**Task goal**
For this listing, reproduce the line with "赵晓洁老师让学生听着音乐在纸", the line with "Great to see.", and the lines between, exactly as they stand. Leave out pictures and all other lines.

**Recorded data**
_ _ _
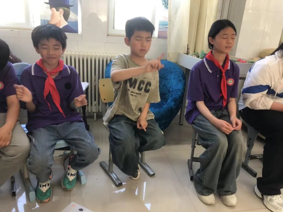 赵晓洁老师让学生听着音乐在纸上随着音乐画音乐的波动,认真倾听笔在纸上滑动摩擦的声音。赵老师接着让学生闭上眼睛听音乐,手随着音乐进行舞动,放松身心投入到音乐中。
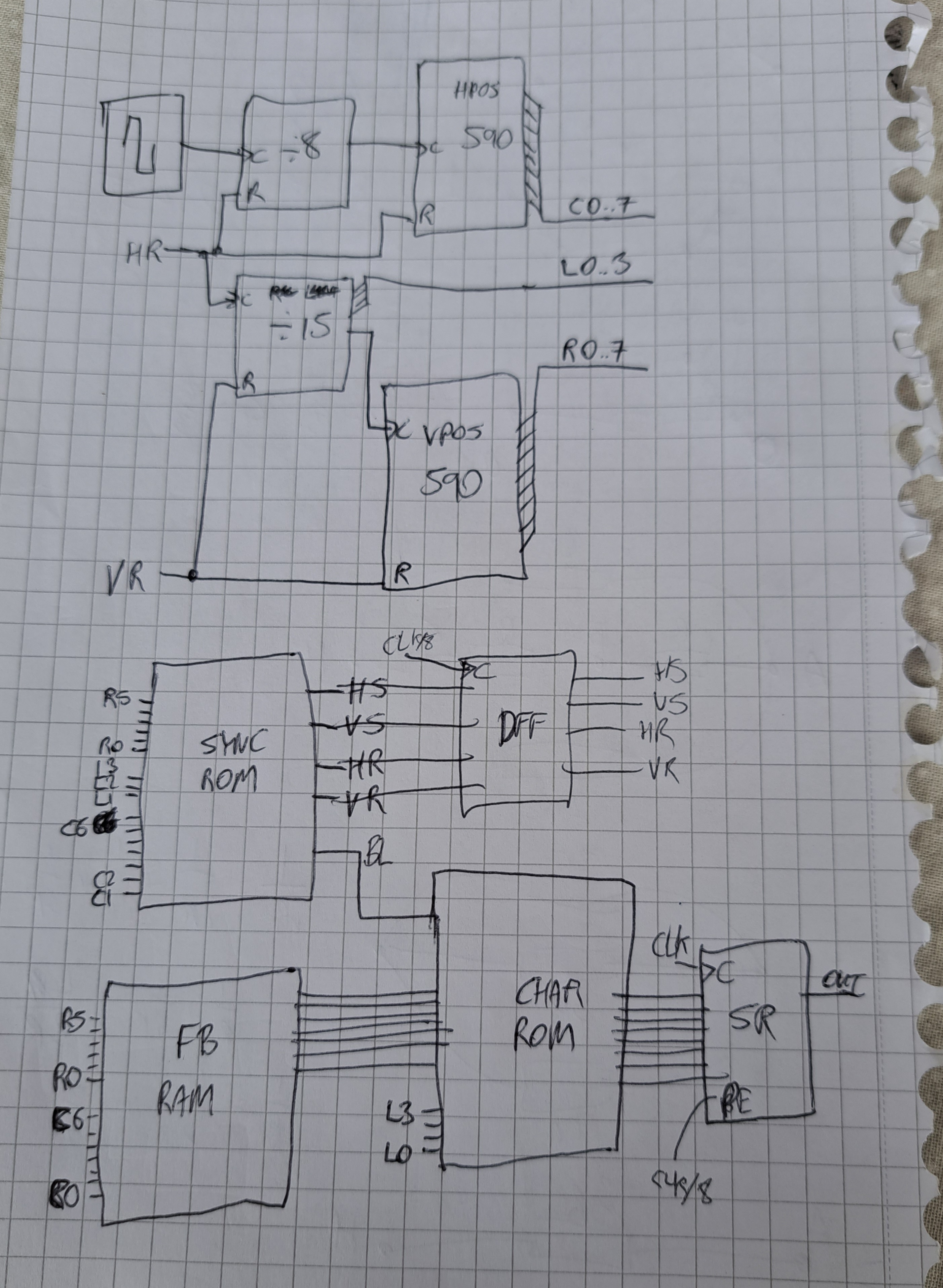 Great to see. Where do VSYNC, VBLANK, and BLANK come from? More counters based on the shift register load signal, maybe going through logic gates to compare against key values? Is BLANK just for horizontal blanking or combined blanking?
_ _ _
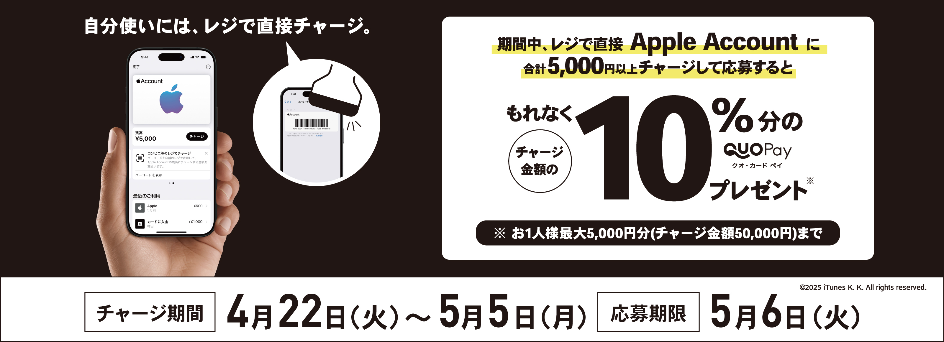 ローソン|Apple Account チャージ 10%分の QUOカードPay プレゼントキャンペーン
_ _ _
**Response**
 赵晓洁老师让学生听着音乐在纸上随着音乐画音乐的波动,认真倾听笔在纸上滑动摩擦的声音。赵老师接着让学生闭上眼睛听音乐,手随着音乐进行舞动,放松身心投入到音乐中。
 Great to see. Where do VSYNC, VBLANK, and BLANK come from? More counters based on the shift register load signal, maybe going through logic gates to compare against key values? Is BLANK just for horizontal blanking or combined blanking?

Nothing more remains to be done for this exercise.